Software developer

NSWC Dahlgren Division Recognizes Software Developer Helen Roehm in Honor of National American Indian Heritage Month

Family. Tradition. Culture. For Helen Roehm, these are not just words but fundamental concepts for a fulfilling life. Professionally, Roehm helps foster a diverse cultural atmosphere while enhancing the workplace at Naval Surface Warfare Center Dahlgren Division (NSWCDD) through his talents and team interaction.

Roehm is the NSWCDD Highlighted Employee for American Indian National Heritage Month.

Roehm earned a bachelor’s degree in mathematics from Bowie State University and began a teaching career soon after. She joined NSWCDD in May 2020 during the COVID-19 pandemic. “It was quite an adjustment moving from the classroom to the war center work environment, but the people here at Dahlgren made this process feel effortless and welcoming,” Roehm recalled during a recent conversation. Roehm is currently pursuing a master’s degree in computer science at Virginia Commonwealth University.

As a former math teacher, Roehm instilled valuable lessons in her students and demonstrated her passion for science and math every day in the classroom. Likewise, Roehm shares his expert knowledge with his NSWCDD team and nurtures an environment to develop more innovative technologies. “I really appreciate the work I do and being part of the mission that supports the fighter.”

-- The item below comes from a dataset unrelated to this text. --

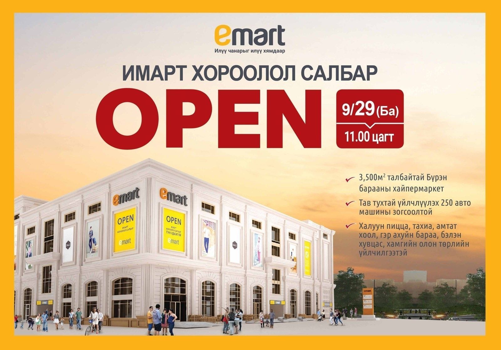 “Скай хайпермаркет” ХХК-иас Имарт /Emart/ сүлжээ дэлгүүрийн хоёр дахь салбараа Баянгол дүүргийн 3,4 дүгээр хорооллын эцэст байрлах Соло молл дэлгүүрт шинээр нээж байна.

In his current role as a Systems Software Developer and Agile Coach within the Directed Energy Systems Software branch, Roehm supports several programs such as the Laser Weapons Combat System for the Aurora Software Foundry. She also serves as a group leader and mentor, for which she has received recognition and accolades highlighting her work and services.

Roehm’s passion for science and math extends to his personal life, actively promoting STEM-related programs within various youth organizations.

As an observant member of the Bad River Chippewa Tribe located in Odanah, Wisconsin, Roehm devotes his time and energy to teaching Native American traditions and culture throughout his community. “I believe it is essential to continue to promote, encourage and be involved in teaching and maintaining the traditions of our history,” Roehm said. “Knowing who we were helps determine who we are now and who we want to be in the future. It affects all areas of our lives.”